Sometimes other medicines such as antidepressants may be prescribed to help manage the behavioral symptoms linked to Alzheimer’s disease.
Prevention
Can I reduce my risk of developing Alzheimer’s disease?
While there are some risk factors for Alzheimer’s you can’t change, like age and genetics, you may be able to manage other factors to help reduce your risk.
Risk factors for Alzheimer’s disease include:
- Age (increasing age is the main risk factor).
- Genetics.
- Traumatic head injury.
- Depression.
- Cardiovascular disease and cerebrovascular disease.
- High blood pressure.
- High cholesterol.
- Diabetes.
- Smoking.
- Obesity.
Research shows that having a healthy lifestyle helps protect your brain from cognitive decline. The following strategies may help decrease your risk of developing Alzheimer’s disease:
- Stay mentally active: Play board games, read, do crossword puzzles, play a musical instrument or do other hobbies that require “brain power.”

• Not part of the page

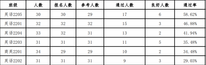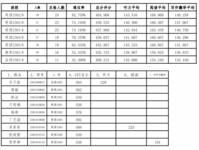 (1)大学英语四级相关数据:英语四级各班合格数据,各教学班班级英语四级成绩第一名,单项最高名单。
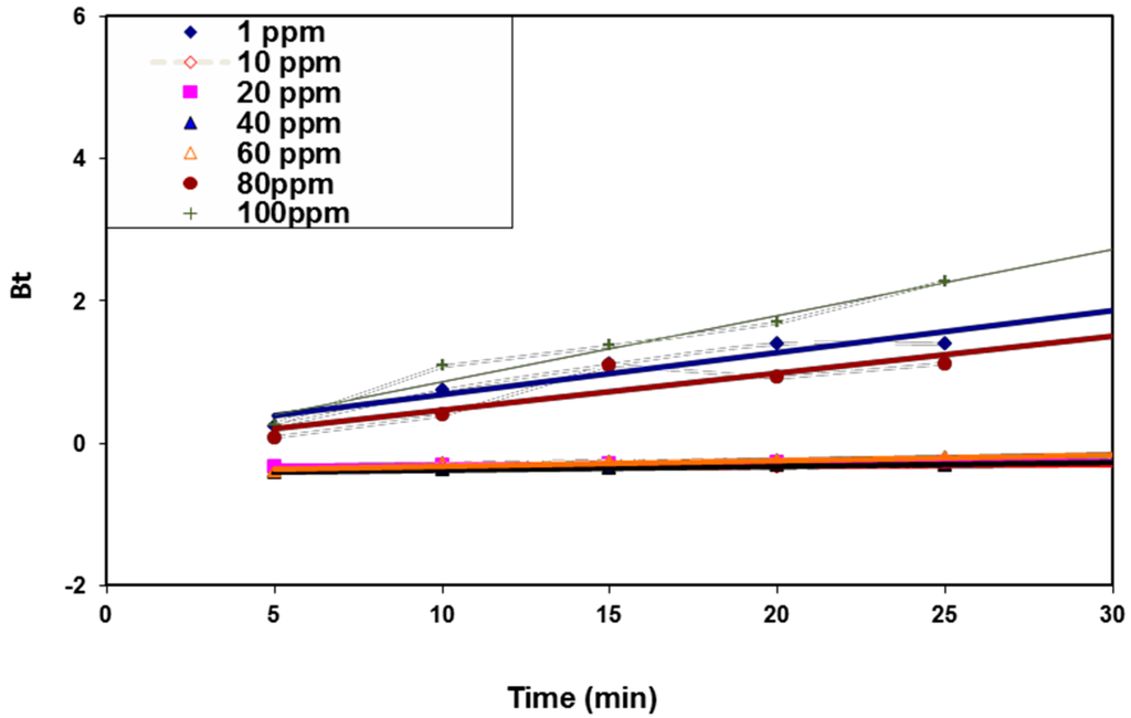where Bt represents the mathematical function of F, and F is the solute adsorbed fraction at various times t.

- Get physically active: Exercise increases blood flow and oxygen to your brain, which may affect brain cell health. Wear protective headgear if you’re participating in activities that increase your risk of a head injury.
- Stay socially active: Regularly talk with friends and family and join in on group activities, such as religious services, exercise classes, book clubs or community volunteer work.
- Eat healthily: Follow the Mediterranean or DASH diet or another healthy diet that includes antioxidants. Consume alcoholic beverages in moderation.
Talk to your healthcare provider if you’re concerned about your risk of developing Alzheimer’s disease.
WORLD ALZHEIMER’S DAY
World Alzheimer’s Day on September 21st occurs during World Alzheimer’s Month. On World Alzheimer’s Day, health organizations across the globe focus their efforts on raising awareness about this disease.
Conclusion from Dreducation.pk
In conclusion, Alzheimer’s disease is a complex and progressive neurodegenerative disorder that affects millions of individuals worldwide. It is the leading cause of dementia, marked by memory loss, cognitive decline, and behavioral changes. While age remains the most significant risk factor, other elements like genetics, lifestyle, and underlying health conditions also contribute to its onset.
Currently, there is no cure for Alzheimer’s, but advancements in medicine and treatment can help manage symptoms and slow progression in some cases. Early diagnosis, a proactive approach to risk factors, and strong support systems are crucial in enhancing the quality of life for those affected and their caregivers.
By raising awareness, promoting research, and encouraging healthy lifestyles, we can work towards better prevention, management, and potential breakthroughs in treating Alzheimer’s disease.